(Supplied entries begins)

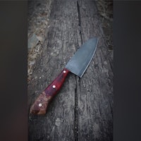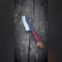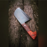 This Santoku was made from 1/8” 1095 high carbon steel that had heat treated and tempered. It is wearing red resin and maple handles. She is sharp and durable. “Made to order, build to last”
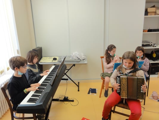 - 45min avec Laurent pour faire de la musique d'ensemble. Les élèves apprennent à jouer ensemble avec leur instrument.
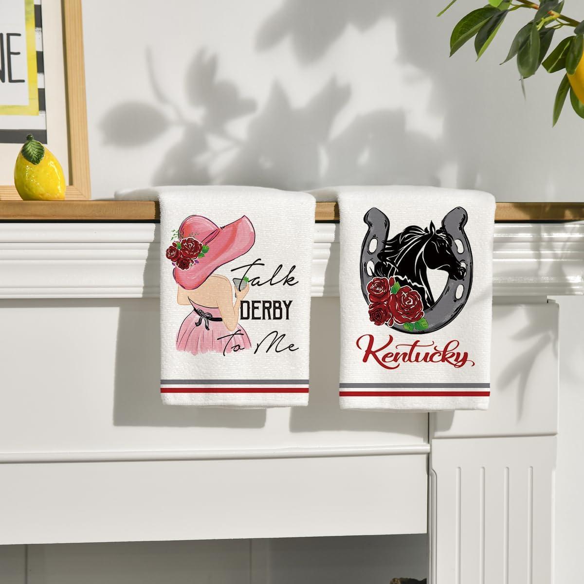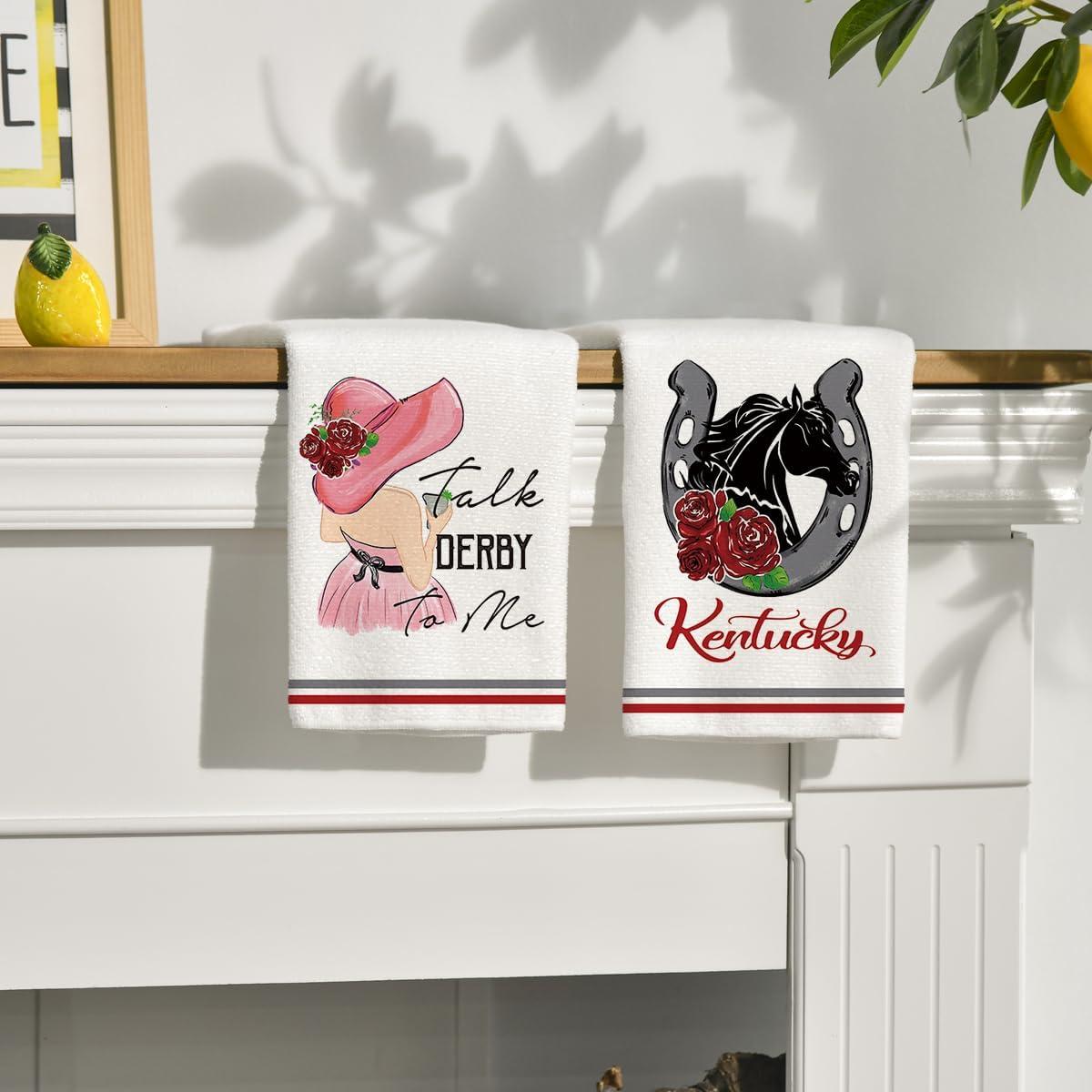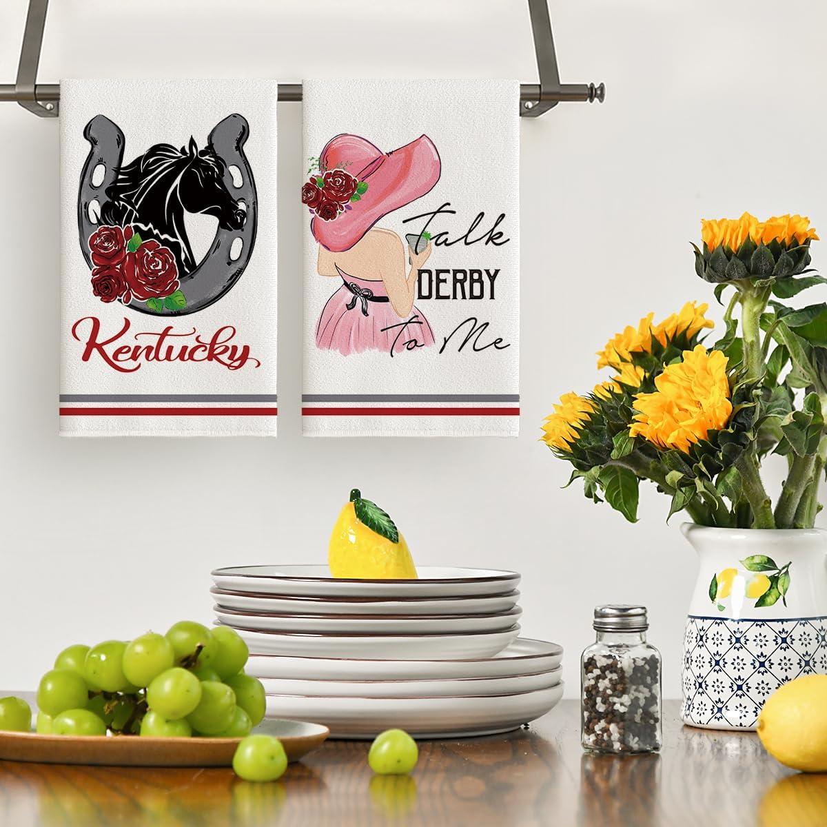 Artoid Mode Rose Lady Talk Derby to Me Kentucky Home Kitchen Dish Towels, 18 x 26 Inch Ultra Absorbent Coffee Tea Bar Hand Towels Bathroom Gift for Cooking Baking Set of 2
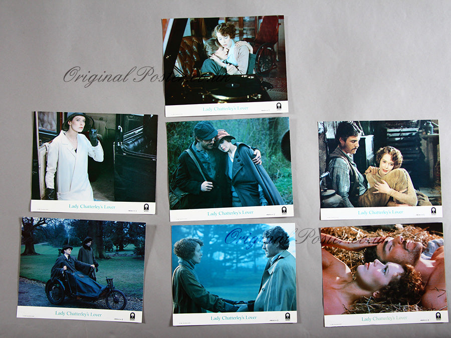 The 1981 front of house lobby cards picturing Sylvia Kristel as Lady Chatterley together with here gamekeeper / gardener Nicholas Clay as Mellors.
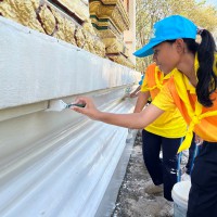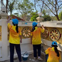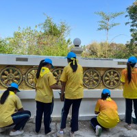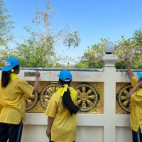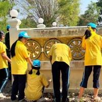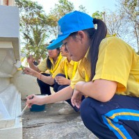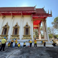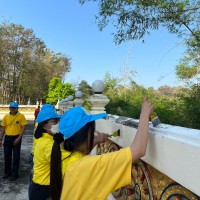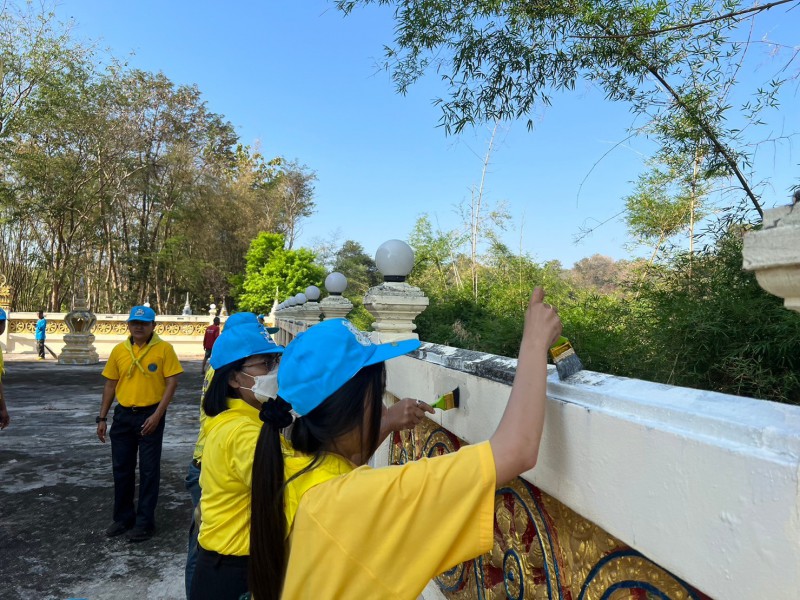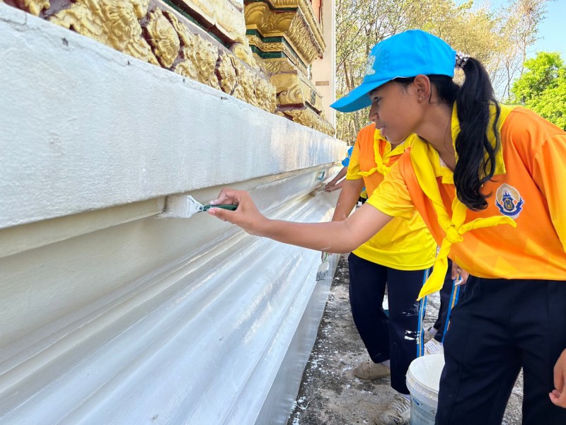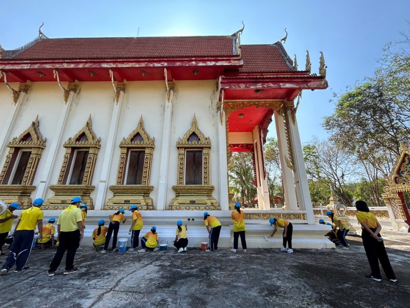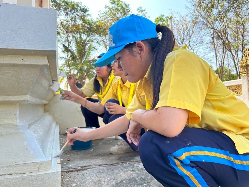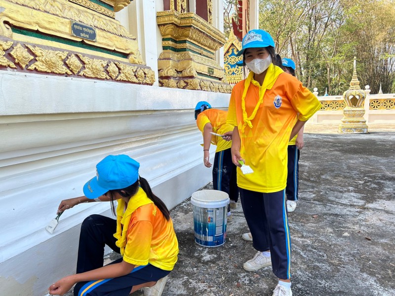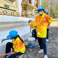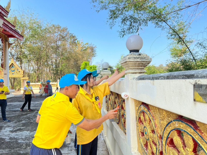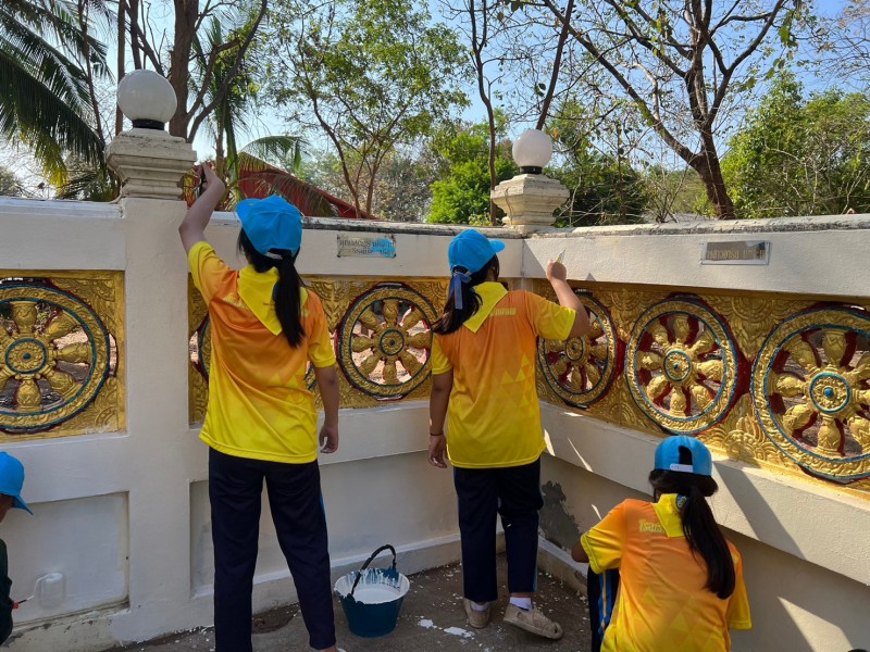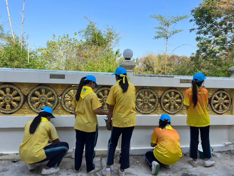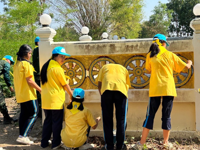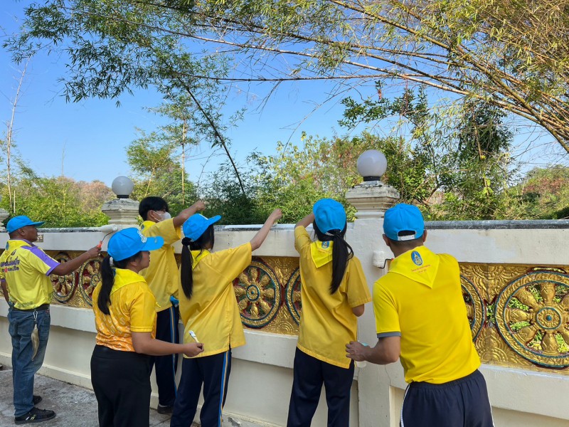 คณะครูและนักเรียนร่วมกับจิตอาสาพระราชทาน อำเภอหนองปรือ จังหวัดกาญจนบุรี พัฒนาวัดทาสีกำแพงแก้วอุโบสถวัดห้วยหวาย
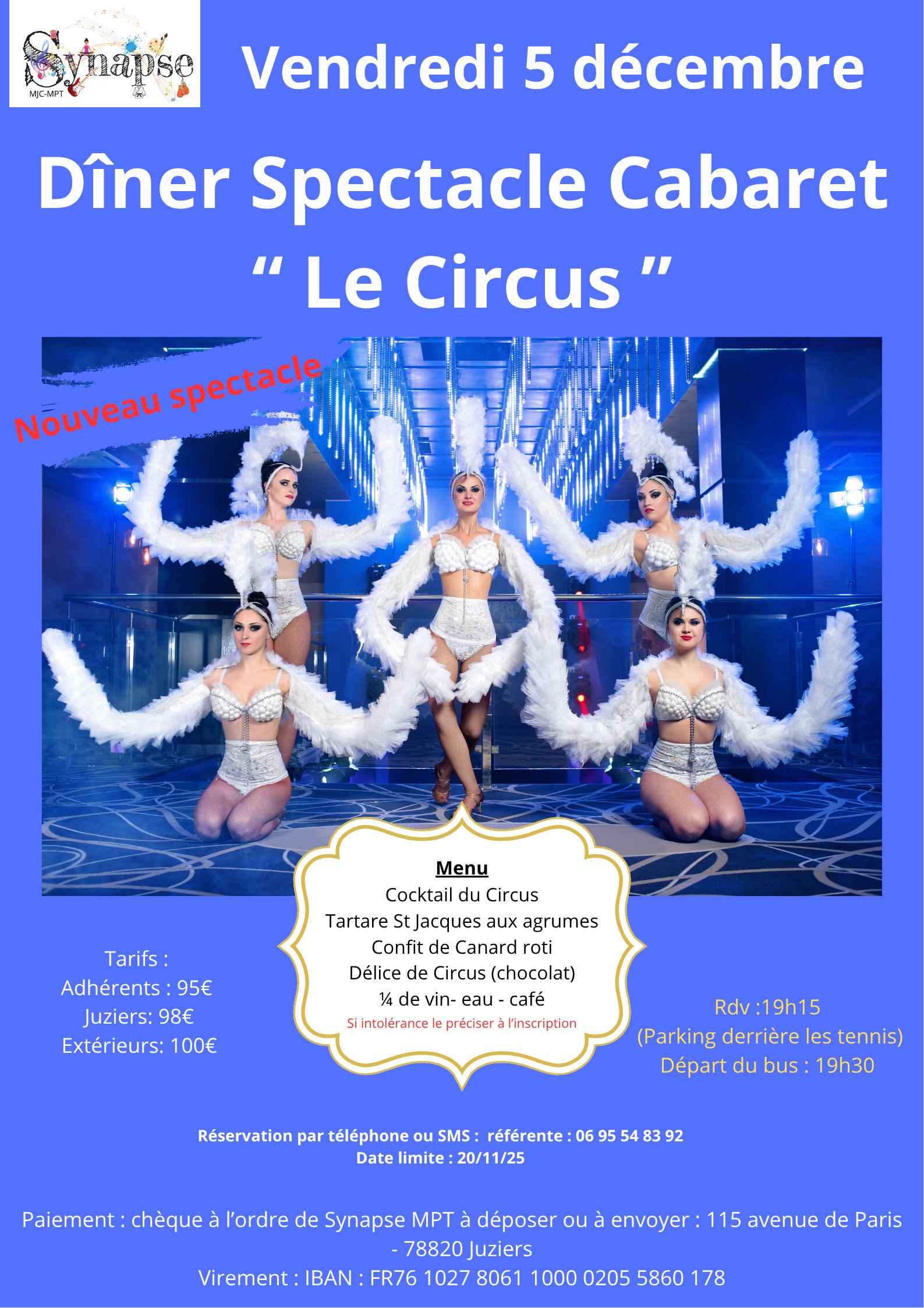 Accueil > Agenda > Diner spectacle cabaret le Circus Diner spectacle cabaret le Circus vendredi 5 décembre - 23:59 Visuel Affiche Infos & réservations Parking terrains de Tennis rue Janine Vins 78820 JUZIERS

(Supplied entries ends)

Excluding every picture, write out each record word for word.

Written answer
 This Santoku was made from 1/8” 1095 high carbon steel that had heat treated and tempered. It is wearing red resin and maple handles. She is sharp and durable. “Made to order, build to last”
 - 45min avec Laurent pour faire de la musique d'ensemble. Les élèves apprennent à jouer ensemble avec leur instrument.
 Artoid Mode Rose Lady Talk Derby to Me Kentucky Home Kitchen Dish Towels, 18 x 26 Inch Ultra Absorbent Coffee Tea Bar Hand Towels Bathroom Gift for Cooking Baking Set of 2
 The 1981 front of house lobby cards picturing Sylvia Kristel as Lady Chatterley together with here gamekeeper / gardener Nicholas Clay as Mellors.
 คณะครูและนักเรียนร่วมกับจิตอาสาพระราชทาน อำเภอหนองปรือ จังหวัดกาญจนบุรี พัฒนาวัดทาสีกำแพงแก้วอุโบสถวัดห้วยหวาย
 Accueil > Agenda > Diner spectacle cabaret le Circus Diner spectacle cabaret le Circus vendredi 5 décembre - 23:59 Visuel Affiche Infos & réservations Parking terrains de Tennis rue Janine Vins 78820 JUZIERS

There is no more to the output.